Claude Sonnet 4.5 launched on September 29, 2025. The OSWorld result backed Anthropic's computer use claims directly: 61.4%, up from Sonnet 4's 42.2% just four months earlier. On SWE-bench Verified, the model scored 77.2% and maintained focus for 30+ hours on complex multi-step tasks, a duration threshold that changes what's architecturally feasible for autonomous engineering work.
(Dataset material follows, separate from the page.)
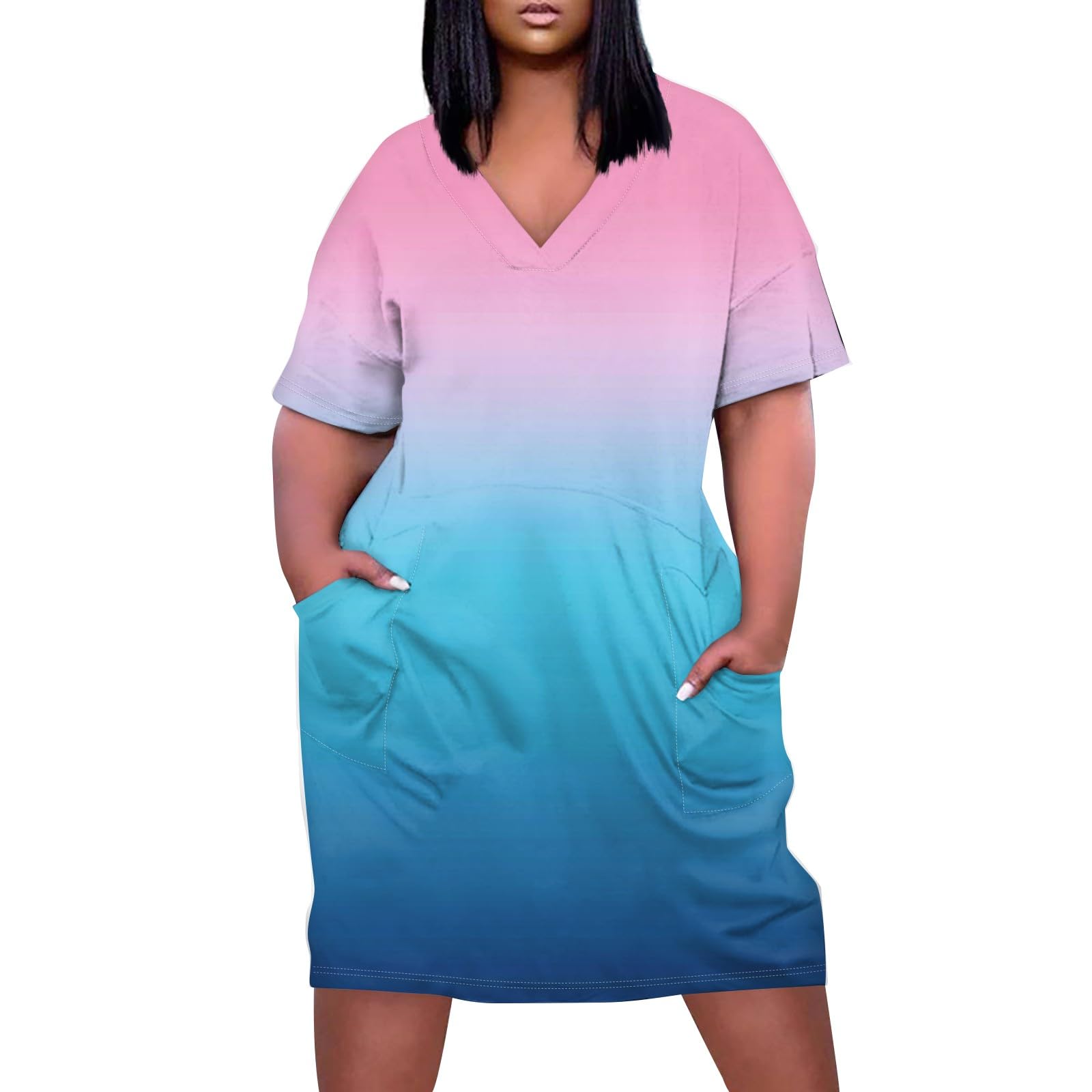 Generic Plus Size Dresses for Curvy Women Oversize T Shirt Midi Dress Loose Short Sleeve V Neck Dress|Clothing

Domain expert evaluation reinforced the benchmark numbers. Finance, law, medicine, and STEM specialists found substantially better domain-specific knowledge and reasoning compared to older models including Opus 4.1. Devin increased planning performance by 18% and end-to-end scores by 12%, the biggest jump since Claude Sonnet 3.6. Cursor, GitHub Copilot, and Figma Make reported significant gains in their specific domains. Claude Code shipped checkpoints and rollback, a native VS Code extension, and a refreshed terminal interface alongside this model.
At release, Sonnet 4.5 included substantial alignment improvements over prior Claude models. Safety gains are concrete: substantial reductions in sycophancy, deception, power-seeking, and tendency to encourage delusional thinking. Prompt injection defense for computer use and agentic capabilities improved considerably. Anthropic released the model under ASL-3 (AI Safety Level 3) protections, the first Claude model at that safety level, with CBRN (chemical, biological, radiological, and nuclear) classifiers active.
The Claude Agent SDK launched alongside Sonnet 4.5, giving you access to the same infrastructure that powers Claude Code: memory management, permission systems, and subagent coordination for building custom agents.